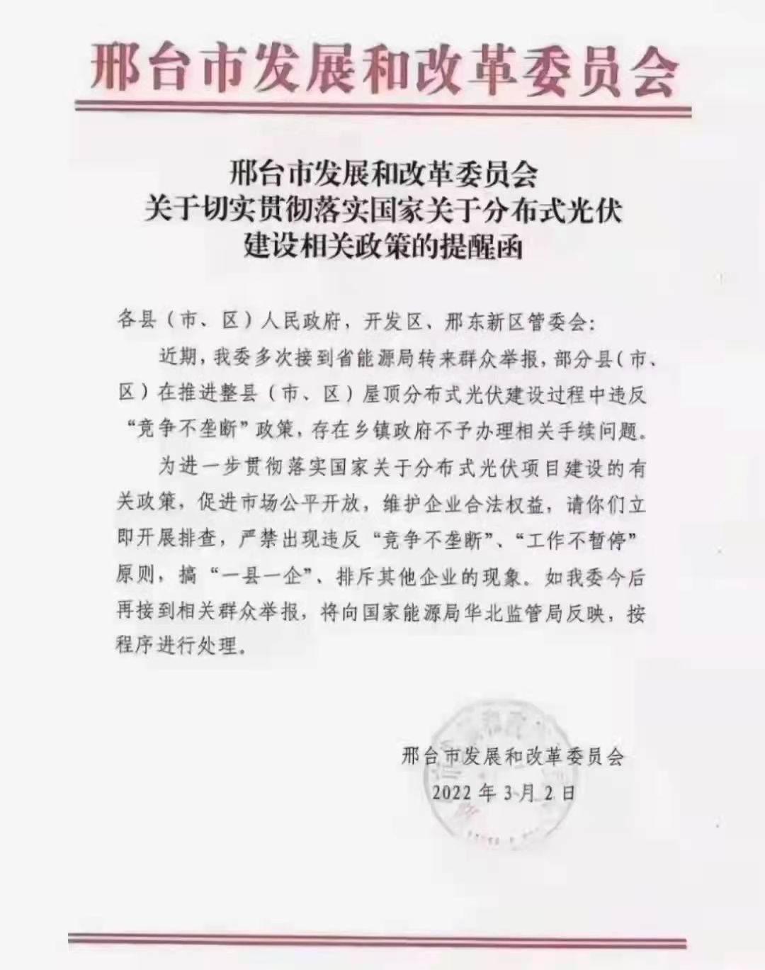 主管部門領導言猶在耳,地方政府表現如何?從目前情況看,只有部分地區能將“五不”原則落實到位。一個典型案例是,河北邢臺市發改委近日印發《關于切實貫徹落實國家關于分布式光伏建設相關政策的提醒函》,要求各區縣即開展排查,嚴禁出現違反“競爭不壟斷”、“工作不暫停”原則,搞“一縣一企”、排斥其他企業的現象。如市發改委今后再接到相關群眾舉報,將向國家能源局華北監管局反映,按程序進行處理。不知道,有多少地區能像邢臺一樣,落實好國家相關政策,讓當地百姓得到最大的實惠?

--

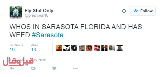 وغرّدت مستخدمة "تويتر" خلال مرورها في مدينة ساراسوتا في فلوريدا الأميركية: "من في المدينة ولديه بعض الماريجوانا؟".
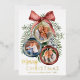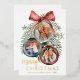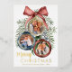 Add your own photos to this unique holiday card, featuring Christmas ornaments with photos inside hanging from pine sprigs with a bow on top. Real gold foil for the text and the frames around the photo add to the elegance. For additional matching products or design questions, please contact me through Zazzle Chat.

* * *

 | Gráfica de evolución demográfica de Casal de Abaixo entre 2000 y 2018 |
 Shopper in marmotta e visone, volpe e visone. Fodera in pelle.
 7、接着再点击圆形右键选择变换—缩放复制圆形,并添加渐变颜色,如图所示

- _Task to complete_: As listed above, the lines from the line with "Shopper in marmotta" to the line with "7、接着再点击圆形右键选择变换—缩放复制圆形,并添加渐变颜色,如图所示" are to be echoed exactly, with both ends included and nothing added.

- _Response_:
 Shopper in marmotta e visone, volpe e visone. Fodera in pelle.
 7、接着再点击圆形右键选择变换—缩放复制圆形,并添加渐变颜色,如图所示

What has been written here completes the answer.